● **Prompt**:
Leaving out the pictures, return word for word the stretch of entries below from the line holding "新加坡《联合早报》周四报导,据移民与关卡" through the line holding "Como se puede".

● **Records for processing**:
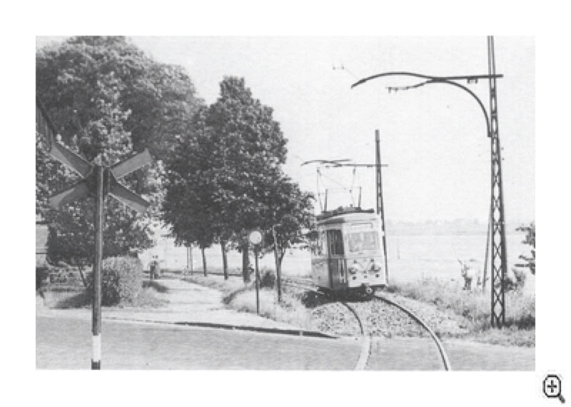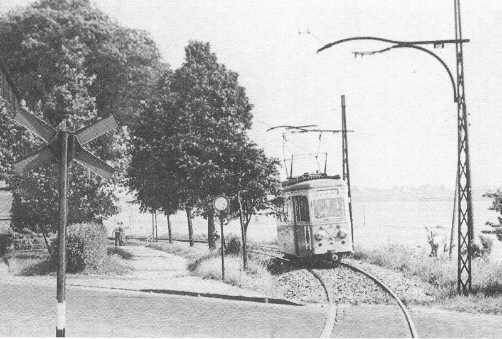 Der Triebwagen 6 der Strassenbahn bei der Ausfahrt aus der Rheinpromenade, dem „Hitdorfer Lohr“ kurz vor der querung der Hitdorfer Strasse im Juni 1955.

--

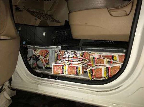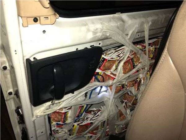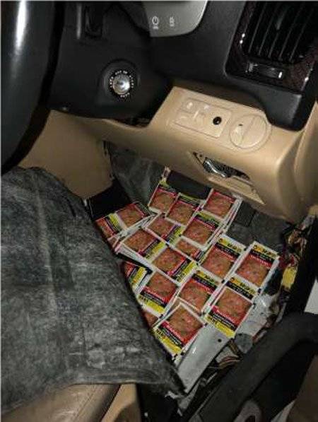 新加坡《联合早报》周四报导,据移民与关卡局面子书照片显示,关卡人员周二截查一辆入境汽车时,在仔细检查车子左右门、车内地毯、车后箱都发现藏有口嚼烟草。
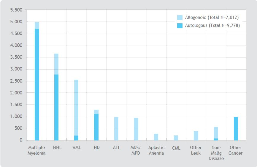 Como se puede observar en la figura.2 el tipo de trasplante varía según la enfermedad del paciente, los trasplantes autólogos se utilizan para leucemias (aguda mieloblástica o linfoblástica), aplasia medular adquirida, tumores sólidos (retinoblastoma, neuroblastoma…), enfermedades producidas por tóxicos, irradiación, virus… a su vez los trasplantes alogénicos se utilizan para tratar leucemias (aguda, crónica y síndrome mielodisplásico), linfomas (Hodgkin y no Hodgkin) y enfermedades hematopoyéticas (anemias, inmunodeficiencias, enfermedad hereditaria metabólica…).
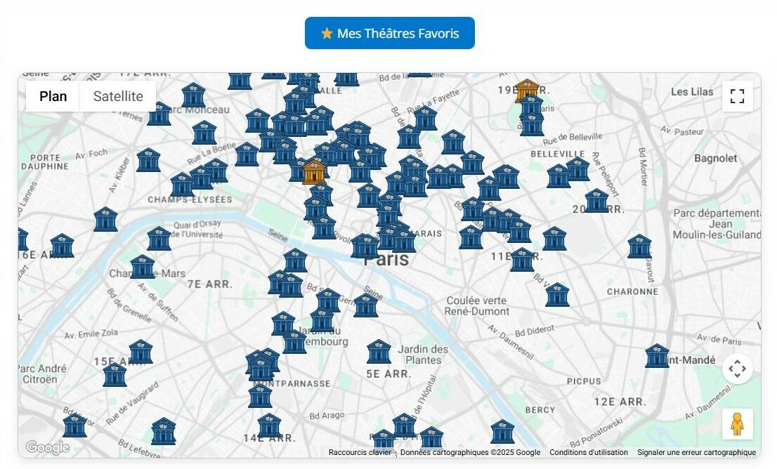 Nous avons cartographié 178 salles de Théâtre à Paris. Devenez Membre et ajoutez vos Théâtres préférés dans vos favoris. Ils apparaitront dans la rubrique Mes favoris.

● **Written response**:
 新加坡《联合早报》周四报导,据移民与关卡局面子书照片显示,关卡人员周二截查一辆入境汽车时,在仔细检查车子左右门、车内地毯、车后箱都发现藏有口嚼烟草。
 Como se puede observar en la figura.2 el tipo de trasplante varía según la enfermedad del paciente, los trasplantes autólogos se utilizan para leucemias (aguda mieloblástica o linfoblástica), aplasia medular adquirida, tumores sólidos (retinoblastoma, neuroblastoma…), enfermedades producidas por tóxicos, irradiación, virus… a su vez los trasplantes alogénicos se utilizan para tratar leucemias (aguda, crónica y síndrome mielodisplásico), linfomas (Hodgkin y no Hodgkin) y enfermedades hematopoyéticas (anemias, inmunodeficiencias, enfermedad hereditaria metabólica…).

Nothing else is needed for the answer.